Но интересно, ведь так было не всегда. В истории с «Курском» Путин сразу разгадал чью-то халатность, хотя тогда проще было заподозрить козни стратегического противника. А теперь власть нарушила свои же табу. 15 лет назад решили не трогать тему питания. Это вопрос привычек. Темы привычек плохи, что ты с ними ни делай. Они порождают неприятную цепь семейных разговоров за столом, где станут говорить о власти плохо. Не стоило трогать еду.

— С грузинскими продуктами прокатило.

— Грузинские вина, кто их пил? Нет различимой социальной группы, сфокусированной на вине, вино не водка и не еда. Здесь бьют по потребительской группе со сложившимися потребительскими привычками, а антисанкциями бьют уже по основной продовольственной корзине. На Западе нашли в нашей башке клавишу, по которой можно бить, твердо зная, что мы войдем в раж, а в таком состоянии умеем делать одни глупости.

— «Останкино» управляет Путиным, а кто тогда управляет «Останкином»?

— Все изменения во власти копятся незаметно и внепланово. «Управляемая демократия» — это что? Десять лет работал политический морозильник, рефрижератор. Конфликты в политике замораживались, политические силы тоже, несогласных отфильтровывали от телеэкрана. Главным в рефрижераторе был морозильный элемент — блок фильтрации СМИ. Провластная мобилизация в такой системе всегда страшная трудность. Этот регулируемый медиаморозильник развалили на переходе от Медведева к Путину, по почти случайным причинам аппаратной войны. С другой стороны, и сначала тоже случайно, нашли новый жанр — массовых «радений», с созданием ажиотажной мобилизации вокруг тем. С 12-го года пошли кампании, сначала разовые, монотемные: Pussy Riott, анти-Болотная, «защита сирот»… Но администрация президента не может сидеть и писать такие сценарии — и политика перешла к медиаспециалистам. Те работают сравнительно вольно в режиме поставленных задач, Кремль продюсирует и визирует. Людей политизируют через символику, через картинки: сам не действуешь, но пребываешь в уверенности, будто у тебя есть «позиция».
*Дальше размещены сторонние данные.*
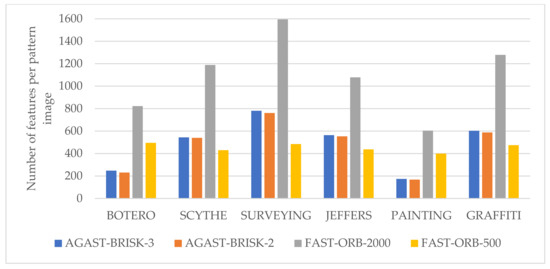 The number of feature points extracted in each pattern image for every experiment performed by the ModAR prototype is outlined in Table 4. The experiment FAST-ORB-2000 yields the greatest number of feature points in each pattern image, which significantly differs based on the pattern image. The small dimensions of each pattern image along with the lack of corners in some of them resulted in much less features than the maximum threshold of 2000 in this experiment. The experiment FAST-ORB-500 yields approximately similar numbers of feature points in each pattern image (lying within the range of 400–500 features), because of the threshold of 500 features per image. The experiments AGAST-BRISK-3 and AGAST-BRISK-2 yield approximately the same number of features in the tests performed with the same pattern images, as their only difference is the number of octaves used in scale-space. The smallest number of feature points per pattern image is observed either by the experiment AGAST-BRISK-2 or by the experiment FAST-ORB-500. While the number of feature points extracted by the latter lies near the upper threshold of features set by this experiment, the number of features extracted by the AGAST detector greatly depends on the content of the pattern images (i.e., the detected corners) and differs based on it. Figure 6 illustrates clustered bar charts with the number of feature points for each pattern image, extracted by the tested detectors with different parameterization.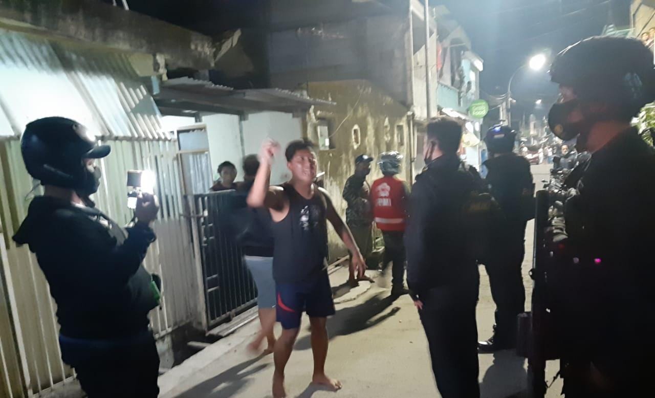 Team patroli Brimob Jabar DPP Aiptu Sutriana mendampingi Team Prabu Polrestabes Bandung Polda Jabar mencari oknum masyarakat yang melakukan tawuran di Antapani, dengan menyisir di sekitar tempat kejadian tawuran tersebut, Jum’at (14/5/2021).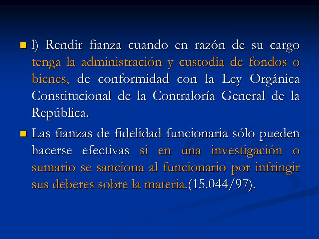 l) Rendir fianza cuando en razón de su cargo tenga la administración y custodia de fondos o bienes, de conformidad con la Ley Orgánica Constitucional de la Contraloría General de la República. • Las fianzas de fidelidad funcionaria sólo pueden hacerse efectivas si en una investigación o sumario se sanciona al funcionario por infringir sus deberes sobre la materia.(15.044/97).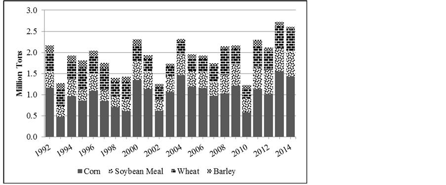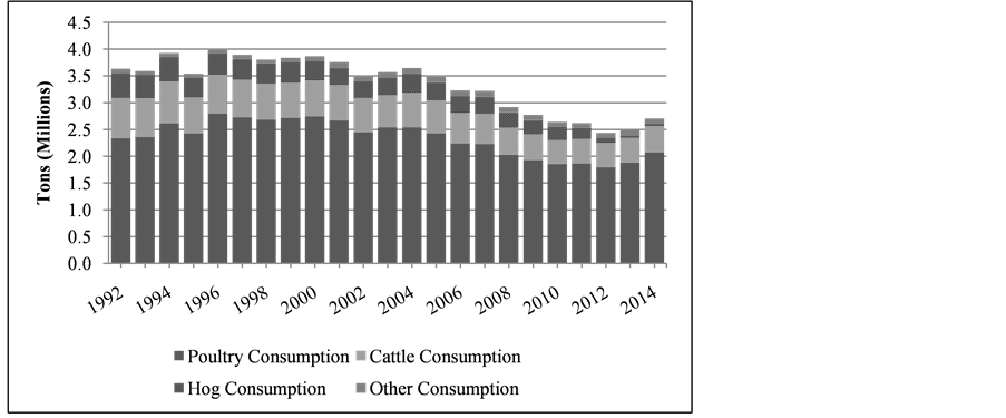 A number of studies have examined grain consumption or feed requirements using different estimation methods and geographical scopes (e.g. national or state). Meilke [4] , for example, proposed a six-equation simultaneous model (incorporating feed, food and industrial use, exports, previous stocks, and animal units) to calculate and predict levels of feed demand at national level in the United States. More recently, Dikshit and Birthal [5] use animal population numbers and amount fed per animal-type to estimate grain consumption in India. Others studies have used similar procedures as Dikshit and Birthalb [5] , but applied the methodology to sub-national regions. For instance, Lammers, Hart, and Honeyman [6] used animal population numbers and corn used per type of livestock to calculate corn consumption in Iowa in 2010. This approach, however, is not wholly representative of grain consumption since corn is just one of the major row crops fed to livestock [7] . Others also invoke the approach of aggregating various types of rations fed to livestock. Huffman and Kenyon [8] developed estimates of consumption for Virginia using animal population quantities and the amount fed per animal-type to calculate corn and soybean consumption from 1965 to 1997. While that study is limited by a narrower portfolio of feed grains considered, it offers additional insight by taking the analysis beyond the state to the agricultural district level.2 In another study, Tiffany and Fruin [9] examined grain (corn, oats, soybean meal) consumption and distribution patterns at the county-level in Minnesota in 1999 using similar procedures to Huffman and Kenyon.

Как вдруг однажды получают в подарок революцию на Украине, которая позволяет развернуть истерики в долгий мобилизующий сериал. Киселевщина имеет новый характер, вам надо лишь пса удерживать на поводке. Эта новая разновидность массированной ультралояльности, изготавливаемой в «Останкине», функционально влияет на власть так же, как влияло бы реальное общественное мнение: оно ограничивает. Кстати, я думаю, что любая следующая власть так или иначе продолжит игру на форсаж массовых мнений. То, что сегодня творят в СМИ Украины, весьма поучительно.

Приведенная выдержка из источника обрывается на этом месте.